• Question: How does the butterfly effect come into choas theory?

    Asked by esthercoleman to Ed, Keith, Tish, Nicola, Rachel on 11 Mar 2013.
    • Photo: Nicola Lazenby

      Nicola Lazenby answered on 11 Mar 2013:


      Originally I had no idea on what this even meant………but being an engineer I wanted to find out! Apparently, it’s all to do with the behaviour of a dynamic/moving system and how the starting conditions can influence how it operates!

    • Photo: Edward Taylor

      Edward Taylor answered on 12 Mar 2013:


      Right here goes (definitely didn’t just google “chaos effect” and “butterfly effect”)

      Chaos theory regards systems which should have a predictable (or deterministic) outcome based on the input. For example if you roll a ball down a slope and it lands somewhere, then when you put that ball down the slope with the exact same starting position it should land in exactly the same place as last time.

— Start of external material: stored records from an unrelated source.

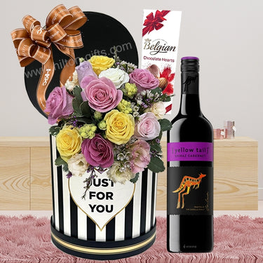 10 Stalk Mixed Colours Roses, Yellow Tail Australia Red Wine 750ml, Belgian Chocolate 60g.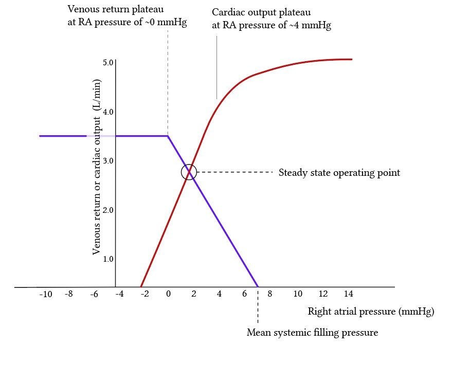 Explain why the venous function curve’s and the cardiac function curve’s intersection is the steady state operating point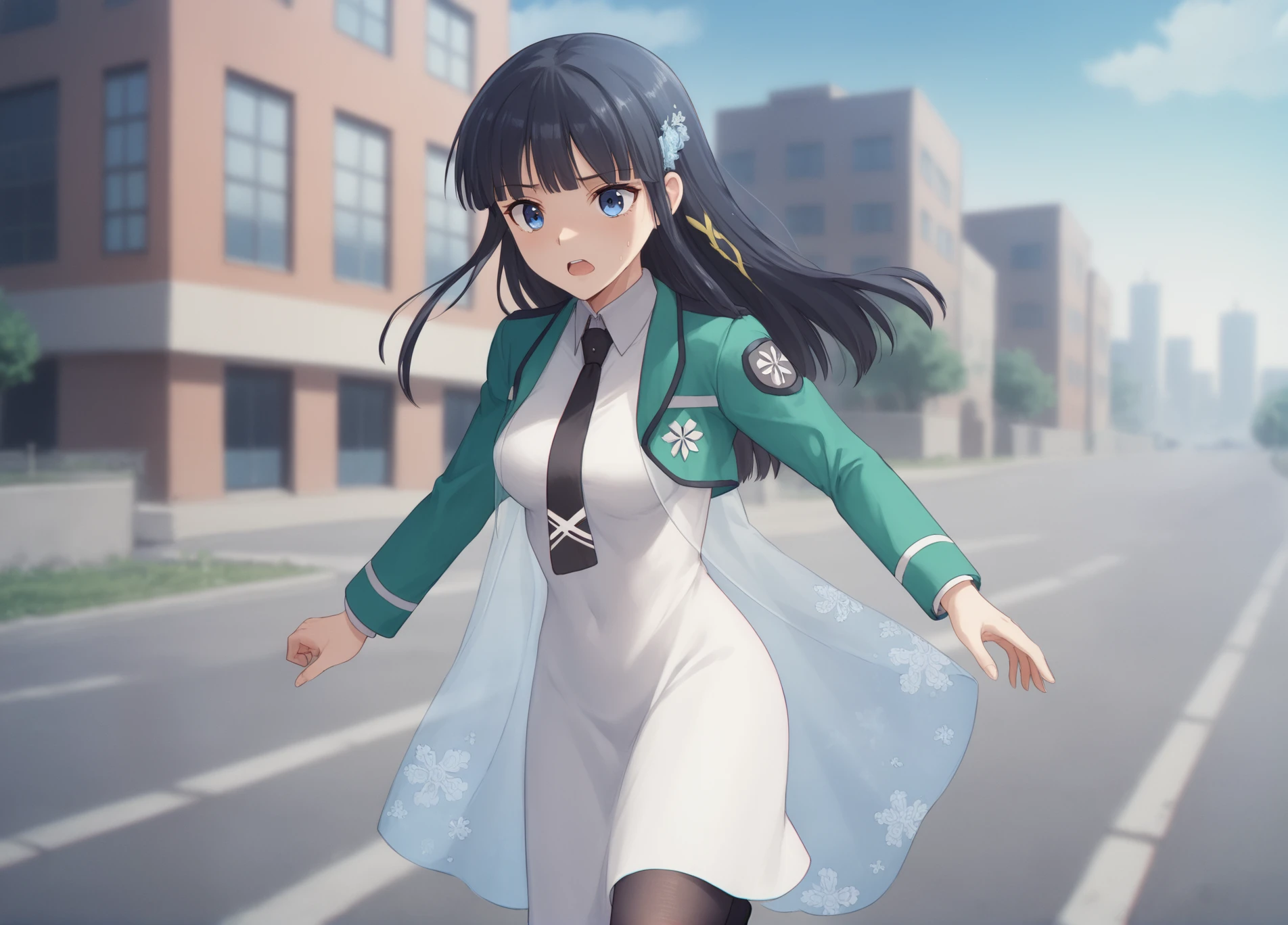 first high school uniform, white dress, black necktie, city, black pantyhose, see-through dress

      The butterfly effect refers to the seemingly unpredictable nature of very slightly modifying the starting conditions and yielding wildly different results. In our example this is like putting the ball in a very slightly different place at the top of the slope and finding that the ball lands in a completely different place, no where near where it landed the first time, even though the starting position was almost identical. The butterfly effect is therefore the tiny change (like the flap of a butterfly’s wing) which creates a huge difference (a hurricane in america).